Your answer must be an exact copy of the data below, minus any pictures.

** Opening Data extract block **

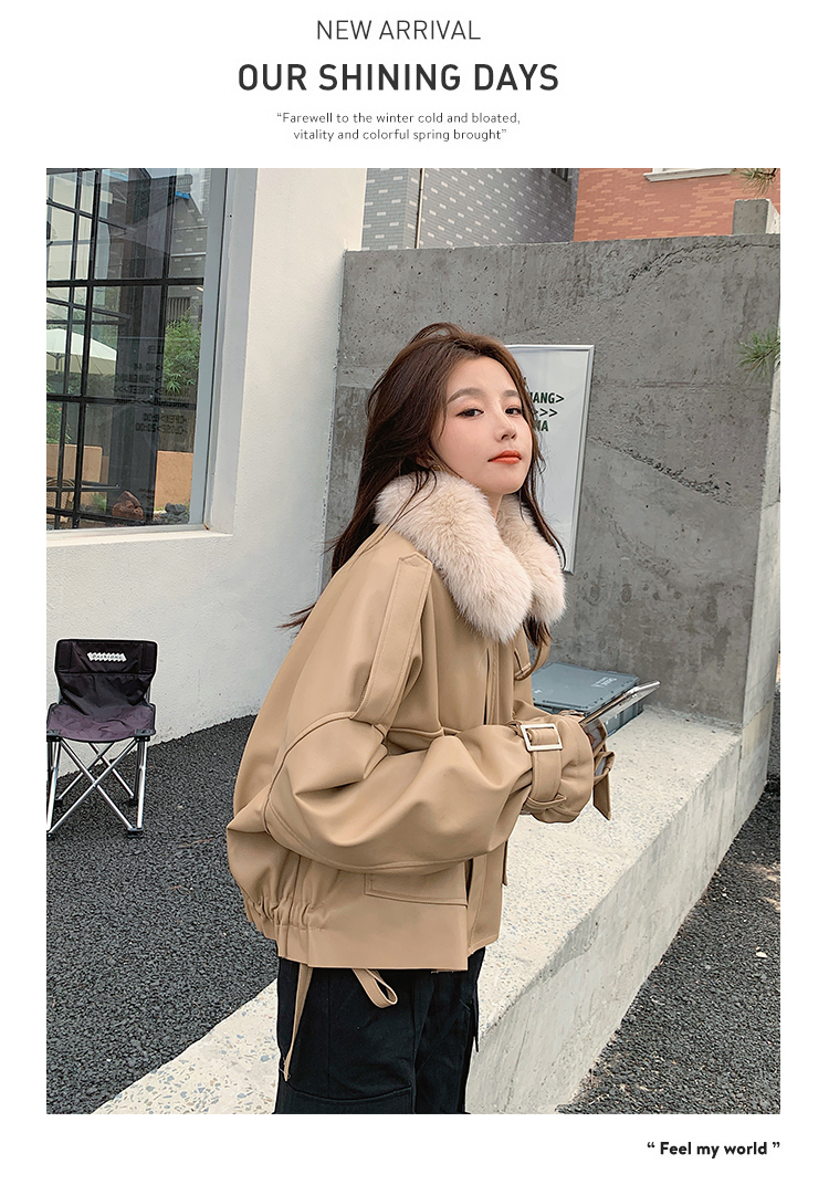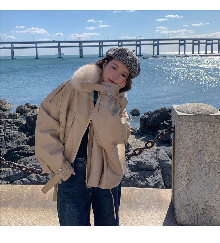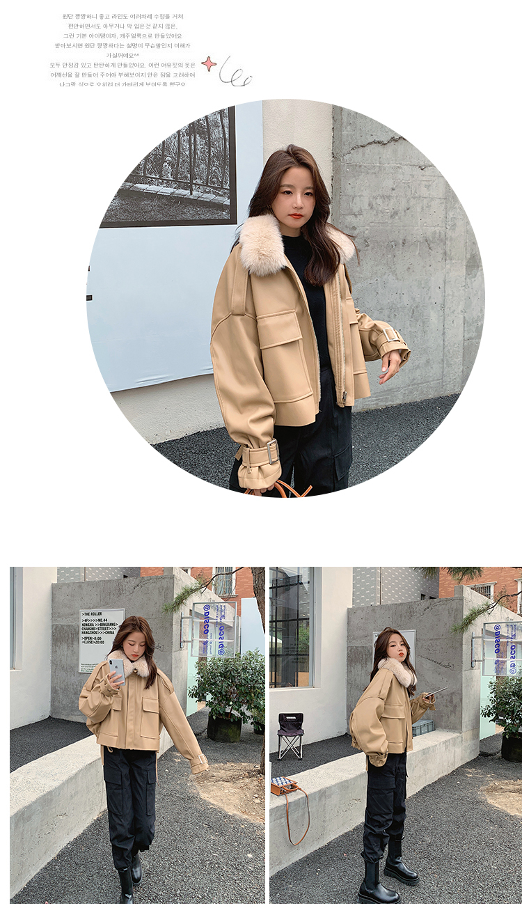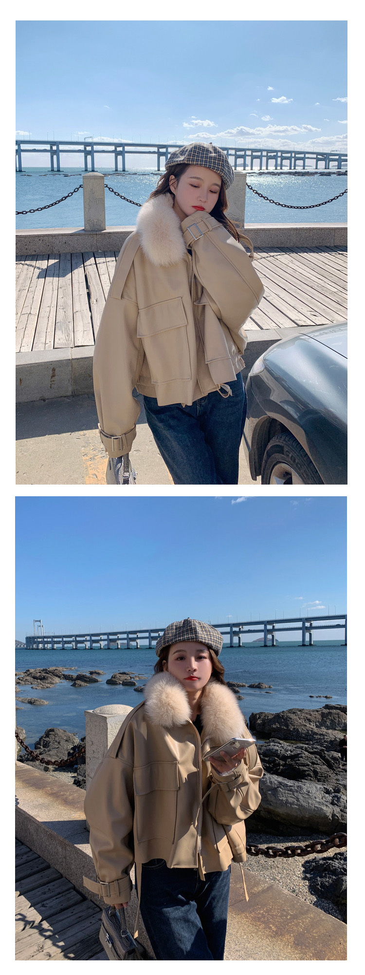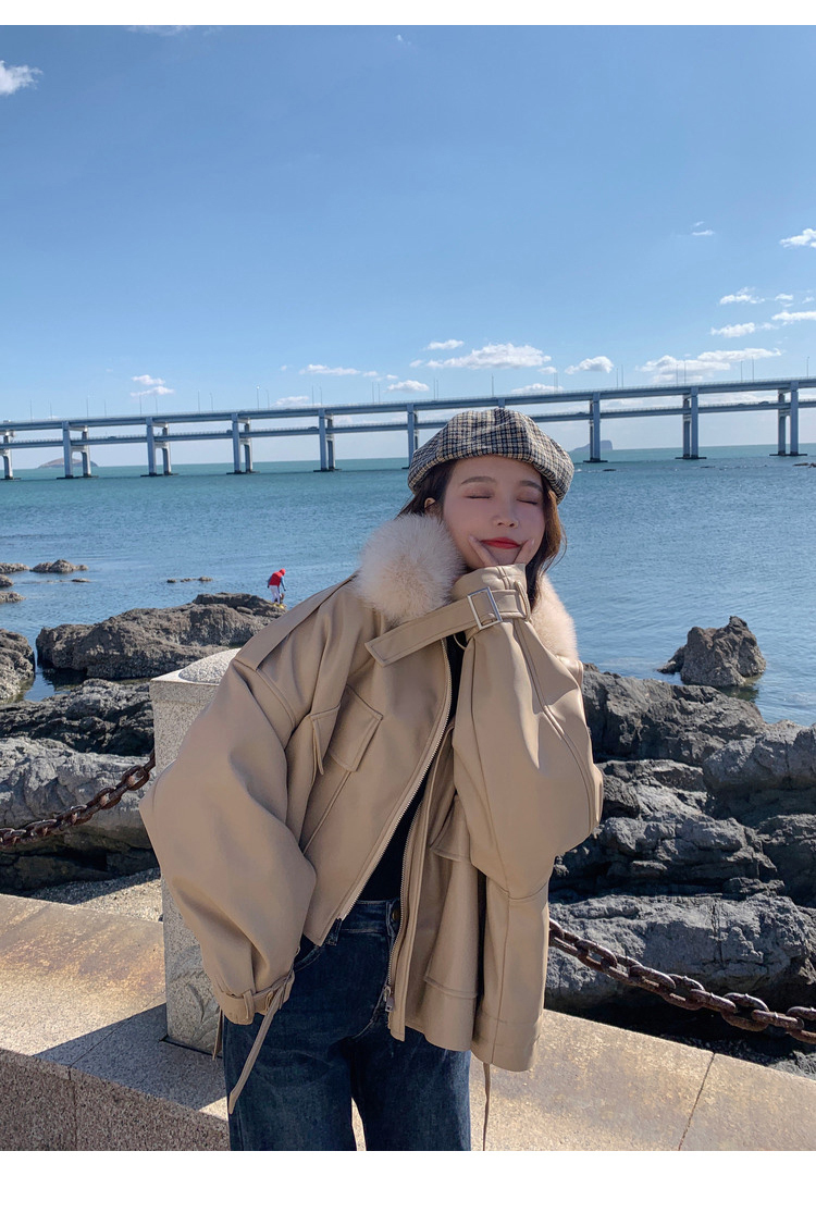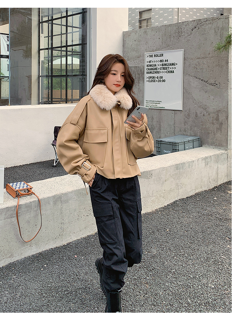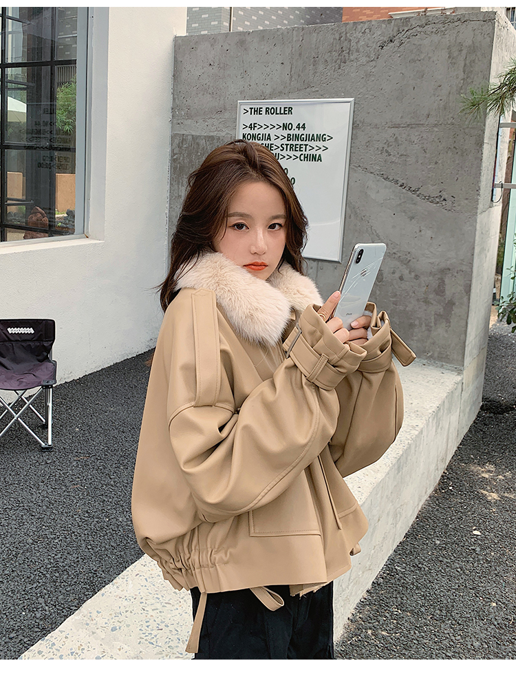 🔺面料:外層皮革(防潑水)+仿貉子毛領(可拆)+內刷仿兔毛絨
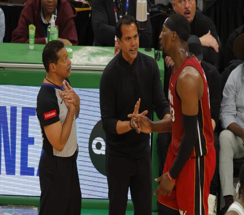 此役熱火中鋒阿德巴約出場(chǎng)34分鐘17投7中,三分10中4、罰球6中6砍下24分9籃板6助攻1搶斷1蓋帽,正負(fù)值+13。
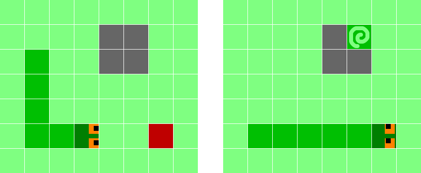 После появления выхода игрок может продолжать играть на уровне, но как только голова питона попадёт в клетку с выходом, уровень закончится.
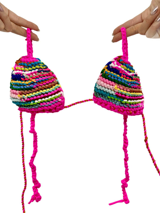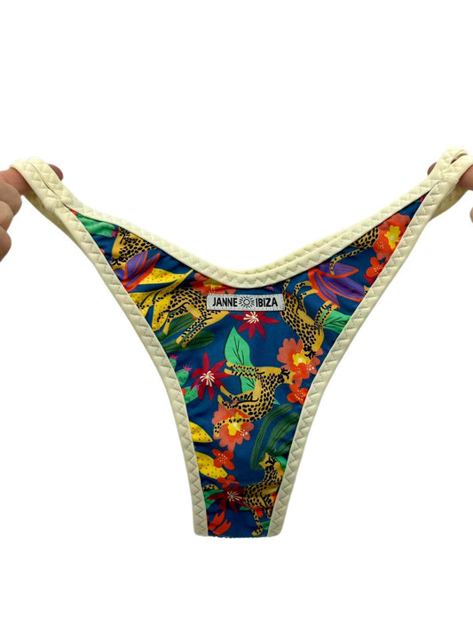 Vibrant Tropical Print Bikini with Quilted Cream Trim Bottom 65

** Closing Data extract block **

**Finished task**
 🔺面料:外層皮革(防潑水)+仿貉子毛領(可拆)+內刷仿兔毛絨
 此役熱火中鋒阿德巴約出場(chǎng)34分鐘17投7中,三分10中4、罰球6中6砍下24分9籃板6助攻1搶斷1蓋帽,正負(fù)值+13。
 После появления выхода игрок может продолжать играть на уровне, но как только голова питона попадёт в клетку с выходом, уровень закончится.
 Vibrant Tropical Print Bikini with Quilted Cream Trim Bottom 65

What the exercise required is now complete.